Winky's
- Company type: Subsidiary
- Industry: Fast-food restaurants
- Founded: 1962; 64 years ago
- Founders: Harold Erenstein; Bernard Erenstein;
- Defunct: 1982; 44 years ago
- Fate: Bankruptcy
- Headquarters: Sewickley, Pennsylvania, U.S
- Number of locations: 42 (at its peak in 1977)
- Area served: Pennsylvania, West Virginia, Ohio
- Products: Hamburgers
- Parent: Jiffy Foods (formerly Jiffy Steak)

= Winky's =

Former hamburger fast food restaurant chain

Winky's Hamburgers was a chain of hamburger fast food restaurants in and near Pittsburgh, Pennsylvania. It was founded by two brothers, Harold and Bernard Erenstein in 1962. Their slogans were "Fast Food Cheap" and "Winky's Makes You Happy To be Hungry." Their signs advertised "Winky's Hamburger 15¢"; other sandwiches offered were The Big Wink, The Great One, and The Ground Rounder. Hot dogs also were on the menu. One of the television commercials for the chain featured a puppet monster reading a list of signs featuring the names of the towns where restaurants were located. Upon learning that there was no Winky's in Wilmerding, the monster ate the panel, exclaiming, "There's no Winky's in Wilmerding!"

== History ==
Winky's started as a sideline of the Jiffy Steak Company, a meat company that the Erensteins had originally started in the back of their family's grocery store in Ambridge, Pennsylvania after the end of World War II. By the 1960s, Jiffy was distributing fresh and frozen meats in 31 states. In 1961, they had noticed that a new hamburger chain located in Virginia was purchasing an unusually large amount of hamburger patties on a regular basis. That chain was a McDonald's franchise. The brothers decided that they could do the same thing in Western Pennsylvania.

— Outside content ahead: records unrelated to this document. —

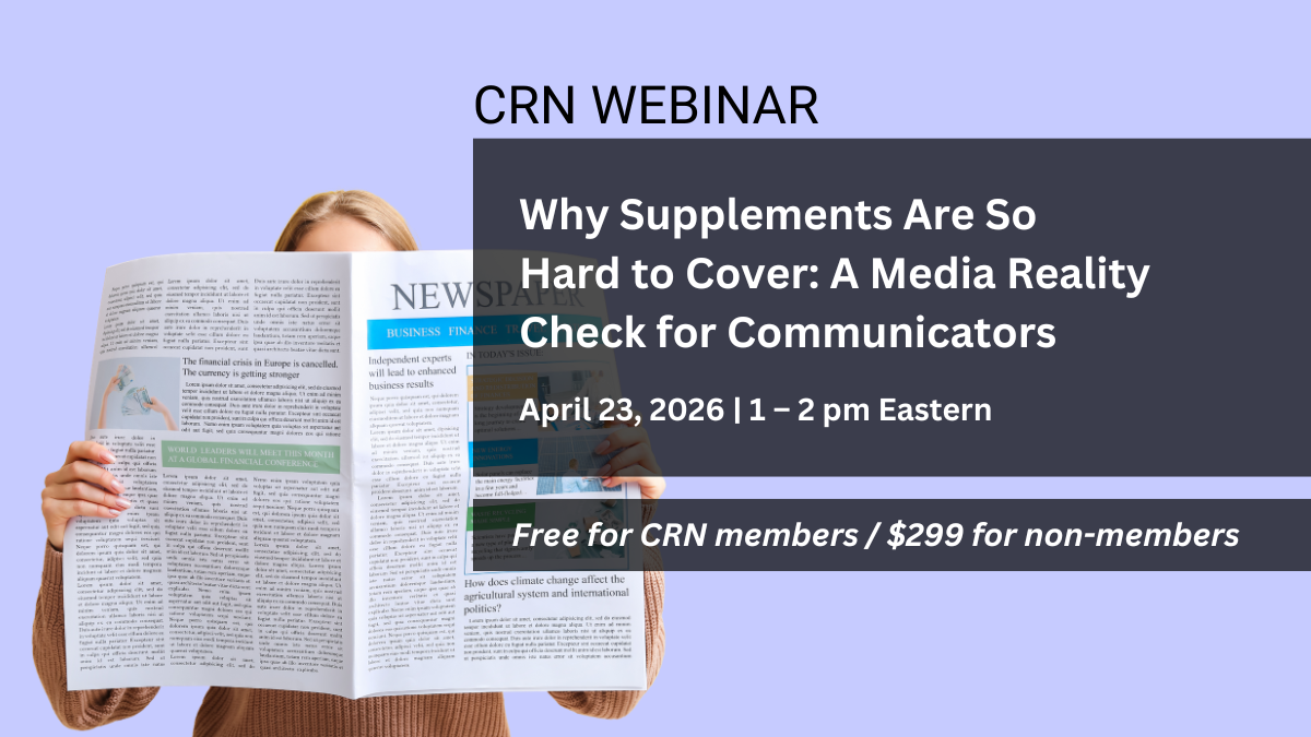 This webinar brings together two mainstream health reporters/editors and a leading trade journalist for an open, behind-the-scenes conversation about how supplements are covered, where misunderstandings commonly arise, and why even well-intentioned reporting can miss the mark. Panelists will discuss the pressures shaping health journalism today, the assumptions reporters bring to the supplement space, and what communicators can do to bridge the gap—without overpromising, overspinning, or talking past the media.
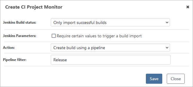 Configure a CI project monitor to detect new builds, then import artifacts for later deployment. Builds can be triggered based on a CI tool build status and build parameters.
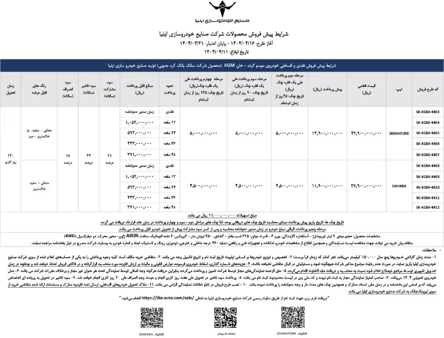 / صنایع خودروسازی ایلیا به تازگی شرایط فروش جدید پیکاپ موسو گرند خان را با افزایش محسوس قیمت اعلام کرده است.
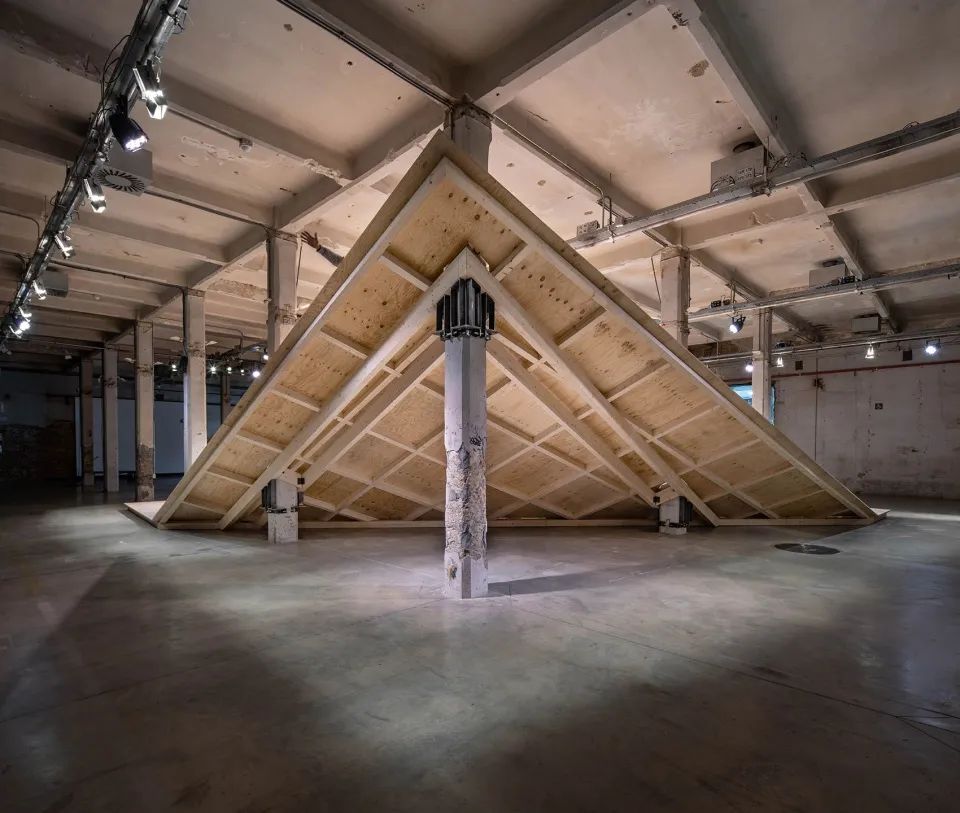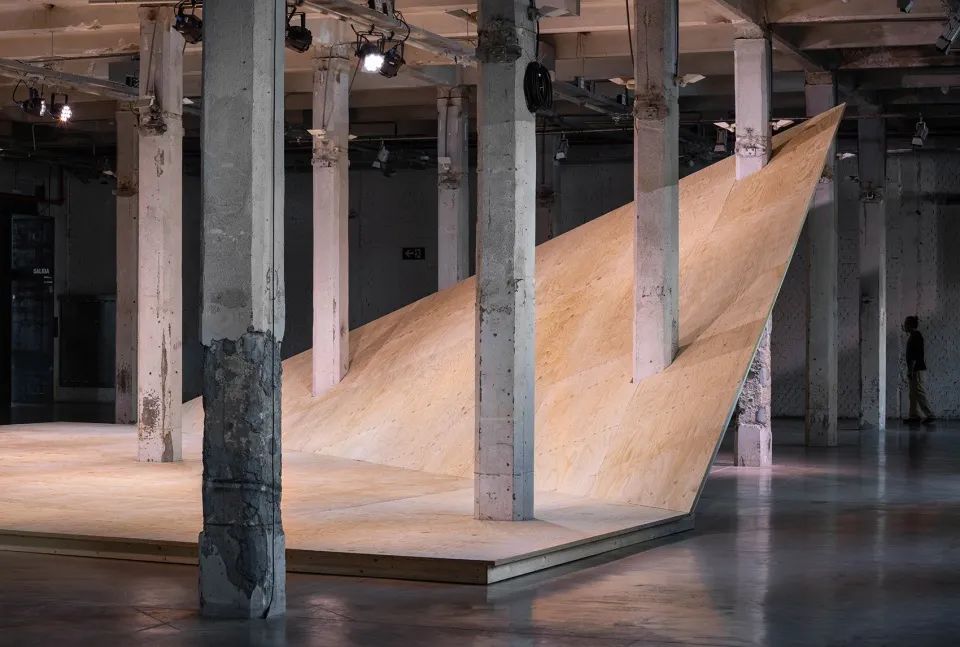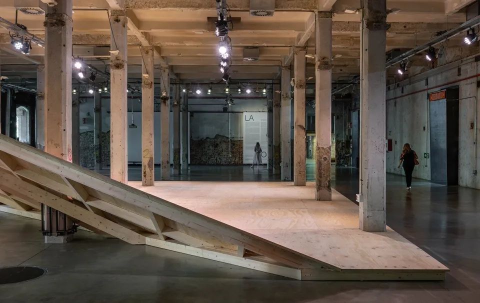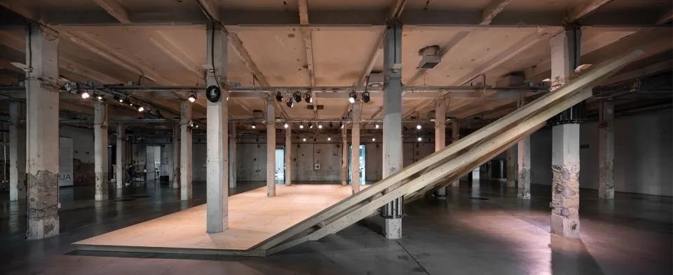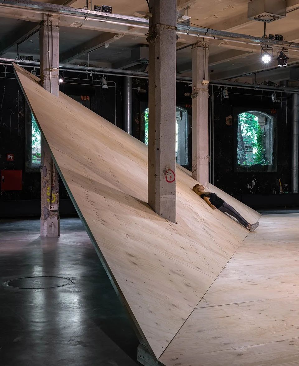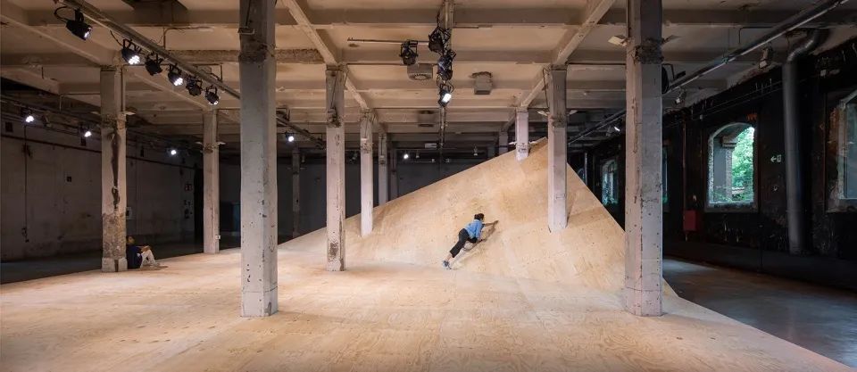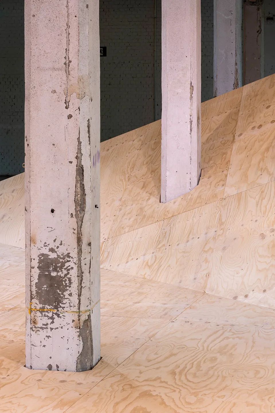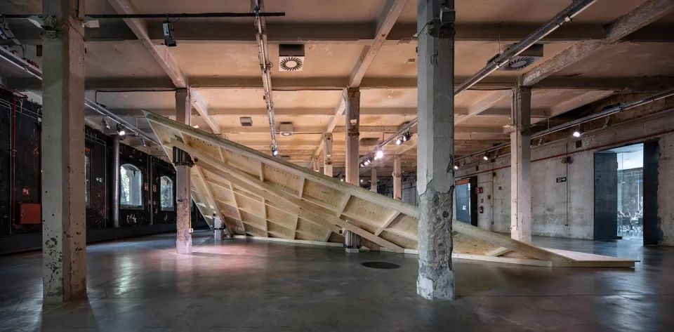 过去几年中,马德里的Nave 17已邀请不同艺术家和建筑师参与其中,与作为旧屠宰场的历史建筑展开了对话。近期,FAHR 021.3的作品La Hoja在此展出,将原为公共空间和街道打造的短期装置拓展至更大维度。

The first Winky's was opened in Bridgeville, Pennsylvania in February 1962, offering 15-cent hamburgers. What gave their restaurant chain an advantage at that time was that their chain had their own meat supply from Jiffy Steak. By 1965, Winky's had 14 locations with 4 under construction. Although most of the locations were company owned, the company began to offer franchises. Within two years, the company had 32 restaurants around Pittsburgh with 9 under construction and were in discussions in trying to expand nationally through franchising.

At its height in 1977, the company had 42 stores in Pennsylvania, West Virginia and Ohio. A downturn in the local economy forced the company to file for Chapter 11 bankruptcy protection in 1982.